* ACTION ITEM *
Print the data exactly as written, but leave out each picture.

── RECORDS FOR PROCESSING

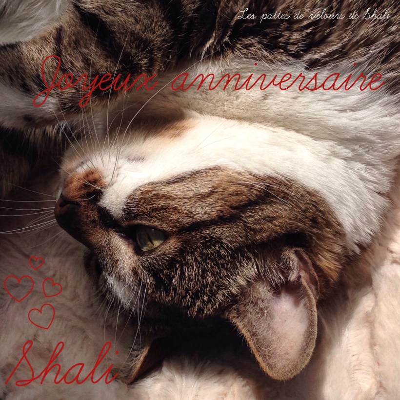 joyeux anniversaire Shali !! j’ai adoré ton article! je suis une grande amoureuse des chats, la mienne va fêter ses 14 ans en octobre et ne fait pas son âge non plus! pas un souci de santé, je croise les doigts pour que cela continue ainsi 😉
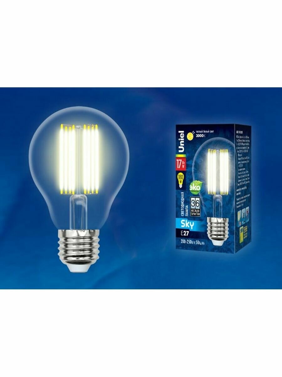 Купить Лампа светодиодная филаментная Uniel E27 17W 3000K прозрачная LED-A70-17W/3000K/E27/CL PLS02WH UL-00004870
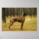 A flawless Great Dane standing at attention in the woods. The dog's coat colouring appears to act as camouflage in this picture.
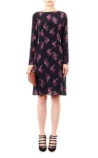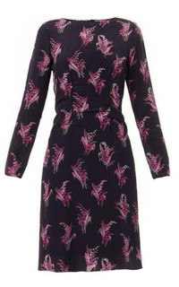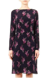 This beautiful dress is made entirely from silk and decorated all over with fuchsia blooms. Black, fuchsia-pink and grey floral-print Close-fitting boat neck, long sleeves, button-fastening cuffs Gathered side-seam front feature Centre-back concealed zip fastening Black silk slip lining 100% silk. Dry clean Made in France
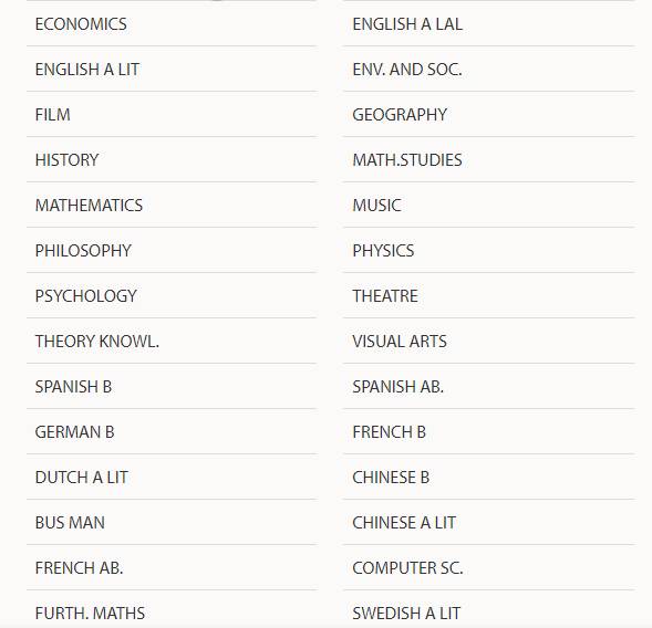 東陵國際學校的IB課程目前涵蓋了英語、數學、化學、生物、經濟、地理、物理、曆史、心理學等36個科目。具體IB科目如下:
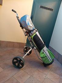 Sacca da golf per bambino con mazze e carrello, usata pochissime volte in buono stato!
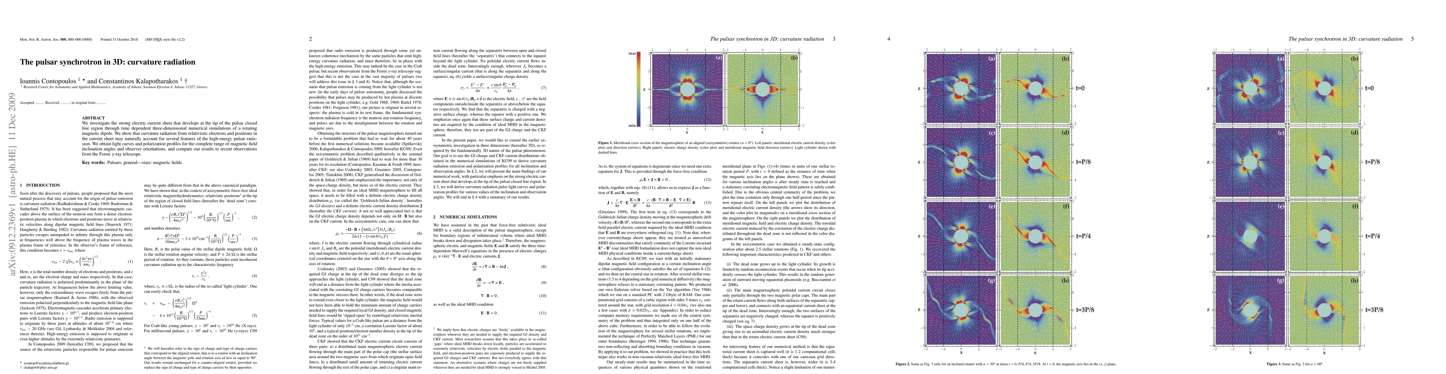 We investigate the strong electric current sheet that develops at the tip of the pulsar closed line region through time dependent three-dimensional numerical simulations of a rotating magnetic dipole. We show that curvature radiation from relativistic electrons and positrons in the current sheet may naturally account for several features of the high-energy pulsar emission. We obtain light curves and polarization profiles for the complete range of magnetic field inclination angles and observer orientations, and compare our results to recent observations from the Fermi gamma-ray telescope.
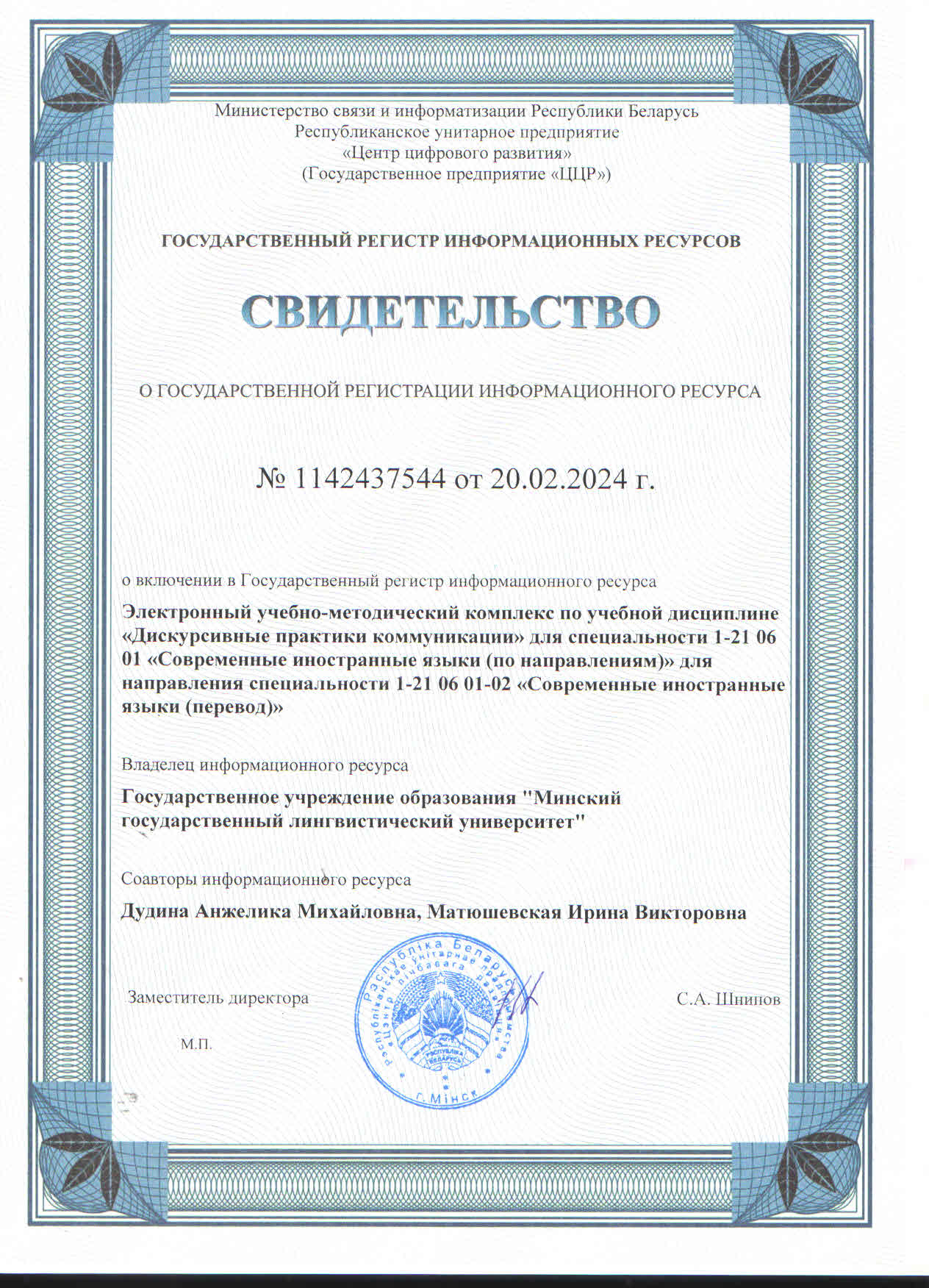 Библиографическое описание: Электронный учебно-методический комплекс по учебной дисциплине «Дискурсивные практики коммуникации» для специальности 1-21 06 01 «Современные иностранные языки (по направлениям)» для направления специальности 1-21 06 01-02 «Современные иностранные языки (перевод)» / сост.: А. М. Дудина, И. В. Матюшевская ; Минский гос. лингвист. ун-т. – Минск, 2023. – Режим доступа: http://e-lib.mslu.by/handle/edoc/14088.
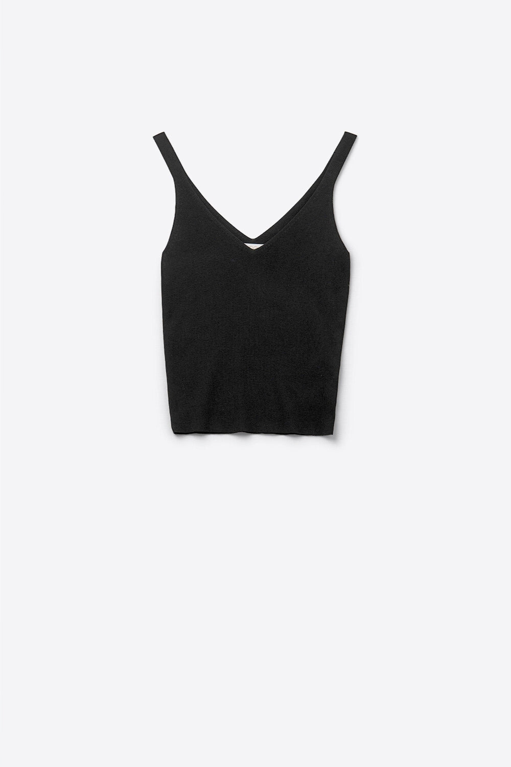 Top noir en tricot côtelé avec col en V et bretelles spaghetti
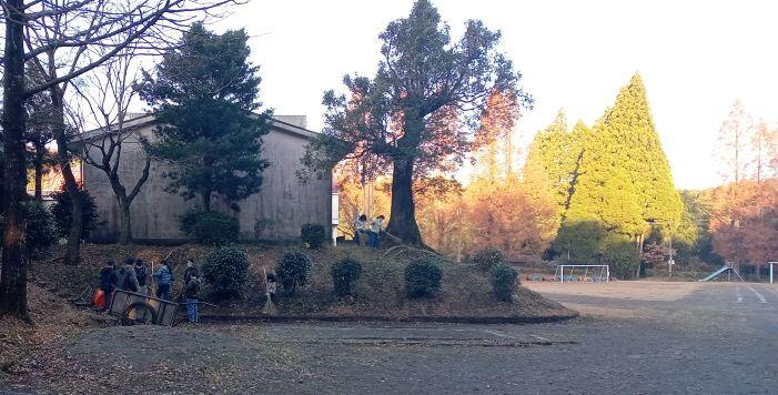 気温は1℃でした。運動場では、子どもたちと教頭先生が落ち葉はきをしていました。
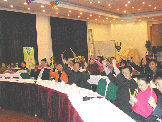 上海分公司領(lǐng)導(dǎo)帶領(lǐng)全體員工揮動(dòng)著手中歡樂之棒,慶祝商科成立十周年活動(dòng)圓滿閉幕

────

* OUTPUT OF THE EXERCISE *
 joyeux anniversaire Shali !! j’ai adoré ton article! je suis une grande amoureuse des chats, la mienne va fêter ses 14 ans en octobre et ne fait pas son âge non plus! pas un souci de santé, je croise les doigts pour que cela continue ainsi 😉
 Купить Лампа светодиодная филаментная Uniel E27 17W 3000K прозрачная LED-A70-17W/3000K/E27/CL PLS02WH UL-00004870
 A flawless Great Dane standing at attention in the woods. The dog's coat colouring appears to act as camouflage in this picture.
 This beautiful dress is made entirely from silk and decorated all over with fuchsia blooms. Black, fuchsia-pink and grey floral-print Close-fitting boat neck, long sleeves, button-fastening cuffs Gathered side-seam front feature Centre-back concealed zip fastening Black silk slip lining 100% silk. Dry clean Made in France
 東陵國際學校的IB課程目前涵蓋了英語、數學、化學、生物、經濟、地理、物理、曆史、心理學等36個科目。具體IB科目如下:
 Sacca da golf per bambino con mazze e carrello, usata pochissime volte in buono stato!
 We investigate the strong electric current sheet that develops at the tip of the pulsar closed line region through time dependent three-dimensional numerical simulations of a rotating magnetic dipole. We show that curvature radiation from relativistic electrons and positrons in the current sheet may naturally account for several features of the high-energy pulsar emission. We obtain light curves and polarization profiles for the complete range of magnetic field inclination angles and observer orientations, and compare our results to recent observations from the Fermi gamma-ray telescope.
 Библиографическое описание: Электронный учебно-методический комплекс по учебной дисциплине «Дискурсивные практики коммуникации» для специальности 1-21 06 01 «Современные иностранные языки (по направлениям)» для направления специальности 1-21 06 01-02 «Современные иностранные языки (перевод)» / сост.: А. М. Дудина, И. В. Матюшевская ; Минский гос. лингвист. ун-т. – Минск, 2023. – Режим доступа: http://e-lib.mslu.by/handle/edoc/14088.
 Top noir en tricot côtelé avec col en V et bretelles spaghetti
 気温は1℃でした。運動場では、子どもたちと教頭先生が落ち葉はきをしていました。
 上海分公司領(lǐng)導(dǎo)帶領(lǐng)全體員工揮動(dòng)著手中歡樂之棒,慶祝商科成立十周年活動(dòng)圓滿閉幕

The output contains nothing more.